The Foundation: Months of Groundwork

This didn't come from nowhere. The infrastructure that makes this possible has been building for months:

11,580 labeled intent examples sitting in Library/Training/intent_classification/sessions.jsonl — every single IntentNanoGPT classification from production traffic, silently accumulating since March. Every time the system routed a request, it logged the query, the classified intent, and whether it was confirmed. That's 8,700+ usable training examples with 19 intent classes, ready to go.

648 JSONL training files (131MB+) across conversations, service telemetry, distilled examples, orchestrator training data, competition corpus, and agent-to-agent exchanges. This is the corpus the tokenizer trains on — not synthetic data, not web scrapes, but our actual operational data from months of running the system.

1,029 Python source files in lib/ alone — the codebase IS part of the training corpus. The tokenizer learns AitherOS vocabulary directly from the code that defines it.

SpecialistPretrainer already existed (a 42M param from-scratch GPT-2), with its own BPE tokenizer (specialist/tokenizer.py), depth profiles, and training infrastructure. We just needed to make it evolve.

ClosedLoopController already orchestrated Harvest → Train → Deploy → Eval → Rollback for 6 evolution types. We added two more: TOKENIZER and INTENT_CLASSIFIER.

EvolutionEngine already captured every task completion as a feedback signal. We just wired intent outcomes into it.

SchedulerLoop already ran 323 autonomous routines on cron schedules. We added 4 more.

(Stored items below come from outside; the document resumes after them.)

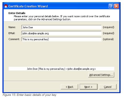 Here you will enter your basic personal details which will be part of your key and will be visible to anyone who has your key. The name and email address are required, while the comment is optional. When you are done click on Advanced Settings button.
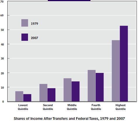 How bad is income inequality in the U.S. and what should be done about it?  This is a question of great current interest with many different points of view.  The chart just below from the Congressional Budget Office shows the extent of income inequality and also shows that it has gotten somewhat worse between 1979 and 2007, just before the onset of the Great Recession.  And we know that our stagnant economy has made it worse yet between 2007 and the present.
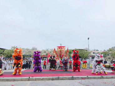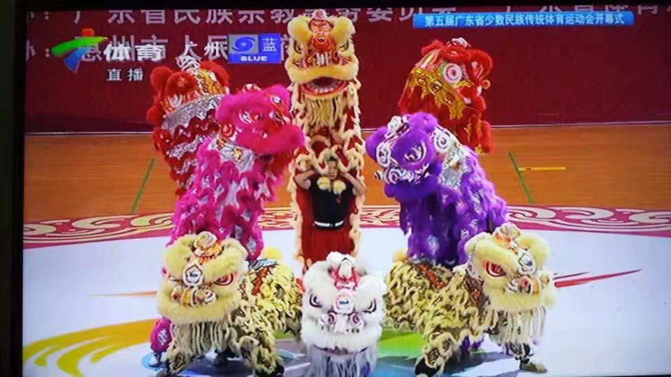 图为2019年1月,我校龙狮团参加的校外龙狮表演
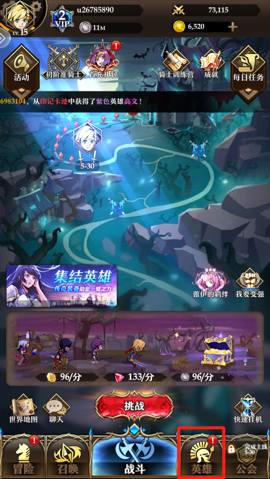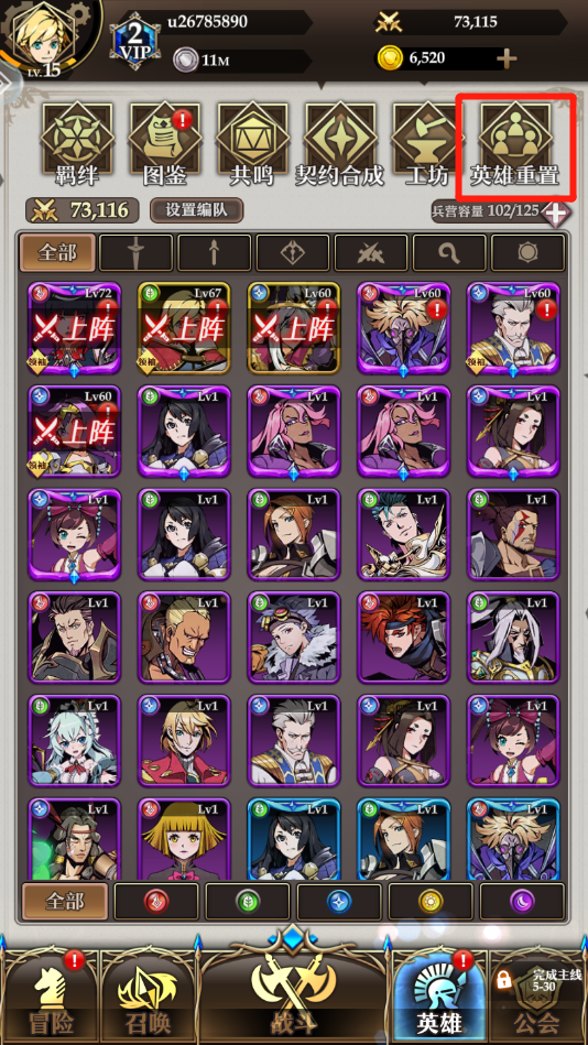 1、首先进入游戏的主页面,点击最底下的“英雄”按钮打开英雄管理界面。然后点击右上角的“”英雄重置按钮,这时候就可以进行英雄重置了。
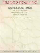 CLAUDE DEBUSSY Quatuor pour 2 violons, alto & violoncelle DURAND DD 16258 Code barre couleur du fond bleu partition 9HTKAOE*ajdbbd+ PANTONE 719 C_PANTONE 1945 C_BLACK - Ricordi DF 15722_Villa Lobos_Copertina Alberto E. GINASTERA DANZAS ARGENTINAS pour piano ISMN 979-0-044-05773-3 9HTKAOE*afhhdd+ DF 13004 Maurice DURUFLÉ MESSE « CUM JUBILO » à une voix pour baryton solo, chœur de barytons, orchestre & orgue Réduction pour chant & orgue par l’auteur ALEXANDRE TANSMAN EN VINGT-CINQ MORCEAUX POUR GUITARE ESCHIG Alexandre Tansman © Les Amis d’Alexandre Tansman, Paris Tous droits réservés. All rights reserved • Pièce en forme de Passacaille • Suite in modo polonico 1. Entrée 2. Gaillarde 3. Kujawiak (Mazurka lente) 4. Tempo di Polonaise 5. Kolysanka n° 1 (Berceuse d’Orient) 6. Rêverie 7. Alla Polacca 8. Kolysanka n° 2 9. Oberek (Mazurka vive) • Ballade (Hommage à Chopin) • Hommage à Chopin 1. Prélude 2. Nocturne 3. Valse romantique • Quattro tempi di Mazurka • Variations sur un thème de Scriabine • Hommage à Lech Wa�e˛sa THE BEST OF Alexandre Tansman en vingt-cinq morceaux pour guitare Alexandre Tansman in twenty-five pieces for guitar Édités par Edited by Frédéric Zigante Maurice RAVEL MA MÈRE L’OYE cinq pièces enfantines pour piano à quatre mains 9HTKAOE*ahejja+ DR 7746 Erik Satie Intégrale des œuvres pour piano Complete Works for Piano Volume 1 éditées par / edited by Robert Orledge Cette nouvelle édition de l’intégrale de la musique pour piano d’Erik Satie, en trois volumes, est une version totalement révisée et regravée de l’édition centenaire de son œuvre pianistique. Elle revient aux sources manuscrites et premières éditions des pièces de Satie, et offre aux interprètes des textes musicaux fiables et pertinents. Ces volumes proposent toutes les pièces pour piano solo, ou en réduction pour piano, publiées par Satie, incluant quelques pièces antérieures inconnues, telles la Petite Sonate que Satie écrivit pour Vincent d’Indy à la Schola Cantorum, et quelques premières versions de pièces très San Bernardo, version d’essai d’Españaña (1913), ou encore les premières versions très différentes de Les Pantins dansent (1914). On trouvera également quelques exemples des différents exercices que Satie exécuta à la Schola entre 1907 et 1912, quelques tentatives supplémentaires d’Enfantines et quelques Sports et divertissements Des indications métronomiques ont été ajoutées afin d’aider les interprètes, de même que certaines suggestions de jeu pour les œuvres relatives à la période Rose+Croix des années 1890, pièces qui sinon pourraient ne sembler que lentes et tranquilles. La notation été envisagée sous l’angle plus pratique possible, sans pour autant négliger le soucis de Satie quant extériorisation de sa pensée musicale sur papier. This new, completely revised and reset centenary edition of Satie’s complete piano music in three volumes has returned to Satie’s manuscripts and first editions to give pianists completely accurate and reliable texts to play from. As well as presenting every piece for piano solo or piano reduction that Satie published, this edition also includes some previously unknown pieces, like the Petite Sonate that he wrote for Vincent d’Indy at the Schola Cantorum, as well as some interesting fi known pieces, like San Bernardo a trial version of Españaña (1913) and the markedly different first version of Les Pantins dansent (1914). In addition, there are examples of the different types of exercises that Satie completed at the Schola between 1905 and 1912, some extra trial Enfantines and some earlier drafts of his Sports et divertissements To help pianists, suggested metronome marks have been added throughout, and there are also some performance suggestions for the Rose+Croix pieces of the 1890s, which otherwise appear to be all quiet and slow. The notation has been made as user-friendly as possible, without detracting from Satie’s concerns about the “exteriorisation” of his musical thought in print. VOLUME 1 Allegro Valse–Ballet (op 62) Trois Gymnopédies The Dreamy Fish The Angora Ox Poudre d’or Tendrement Illusion Le Piccadilly La Diva de l’Empire Erik Satie Intégrale des œuvres pour piano Complete Works for Piano Volume 1 SLB 5960 Volume 3 SLB 5962 Volumes 1–3 SLB 5963 Erik Satie INTÉGRALE DES ŒUVRES POUR PIANO COMPLETE WORKS FOR PIANO VOLUME 1 «Tout le monde vous dira que je ne suis pas un musicien. C’est juste.» “Everyone will tell you that am not a musician. It’s true.” Erik Satie Francis POULENC Gloria pour soprano solo, chœur mixte & orchestre réduction piano & chant SLB 5434 SLB 5425 SLB 5427 SLB 5428 SLB 1739 SLB 1740 Georges Auric en quinze morceaux pour piano

The point: this is what compounding infrastructure looks like. Every piece we built over the last 4 months — the training data pipeline, the feedback loops, the autonomous scheduler, the model versioning, the evaluation framework — suddenly composes into something that bootstraps itself.

The Problem: Death by a Thousand Subtokens

Here's what happens when you run AitherOS chat through a standard LLM tokenizer:

"forge_subagent demiurge codegraph_search" 
→ ["for", "ge", "_sub", "agent", " dem", "i", "urge", " code", "graph", "_search"]
→ 10 tokens

With our trained tokenizer:

"forge_subagent demiurge codegraph_search intent:creation"
→ 11 tokens (with domain-specific BPE merges)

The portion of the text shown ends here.